A previous question has been signaled by Chris White, and I think that the answer of Arnold Neumaier is great. Now, let us add some hints relatively to your question.

In principle, we could describe all physics without EM fields (or photons), as they are mainly a useful tool to describe "action at distance" (which does not mean instantaneous) between charged particle. In some sense, I could always integrate out photons, and describe only electrons and not have any changes in the observations (as detecting photons is done by observing how the motion of charged particles changes). With this picture, all photons are "virtual" (in the QFT sense), and we could expect them to always be off-shell.

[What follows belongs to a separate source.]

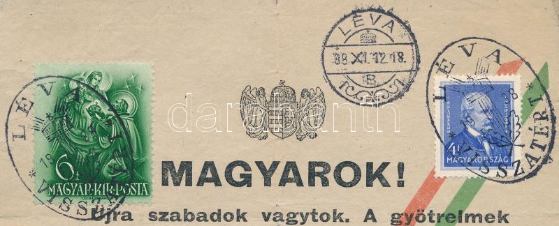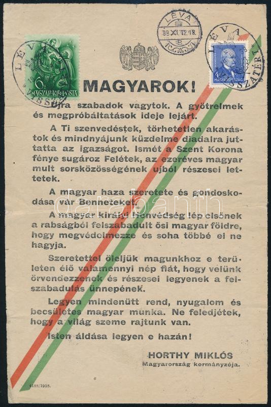 1938 A Felvidék visszacsatolása alkalmából kiadott "Magyarok!" című dekoratív szórólap Horthy Miklós Magyarország kormányzója nevében, Léva visszatér pecsétekkel, szép állapotban

No, this is only true if there were only photonic internal lines, and only electrons external lines. So, in QED, we would practically restrict to tree diagrams. With loop diagrams , we would have to consider internal electrons lines ("virtual electrons"). So, your view should be "correct" only if you would consider a mixed of classical electron field and quantum photon field. But if you want to consider a unified theory of quantum fields (like QED), it is not correct.

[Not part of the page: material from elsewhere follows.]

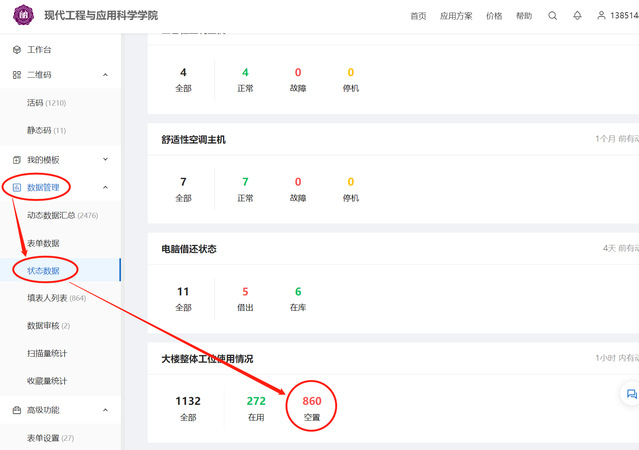 1.查询人员登陆二维码系统,在左侧菜单栏选择:数据管理--状态数据,在大楼整体工位使用情况栏点击“空置”按钮,进入下一页面。

Is it because the propagator of an off-shell photon decays very fast and therefore these photons can not interact with long distance charges ?

You cannot mix momentum space and position space. Choose position space. If we look at the propagator $D(x)$, it is a function of $x^2 = \vec x^2-x_0^2$, $D(x)=D(x^2)$. So, the propagator, or the amplitude, does not decrease automatically because the spatial distance $|\vec x|$ is increasing. It depends on $x^2$. Of course, if $x_0=0$, the propagator is decreasing with $|\vec x|$ (in $\frac{1}{|\vec x|^2}$). This is true, also, that one may calculate the interaction energy between $2$ (fixed, eternal) electrons ($j^0_i(x) = \delta(\vec x- \vec x_i$)), for instance, and it turns that this interaction energy is in $\frac{1}{|\vec x|}$ (see Zee, Quantum field in a nutshell, Chapter I.4)

We could imagine that two very distant electrons (say, in two different galaxies) "scatter" each other (what we usually call "seeing a distant star") with off-shell photons. Why is it not so ?

But it is the case.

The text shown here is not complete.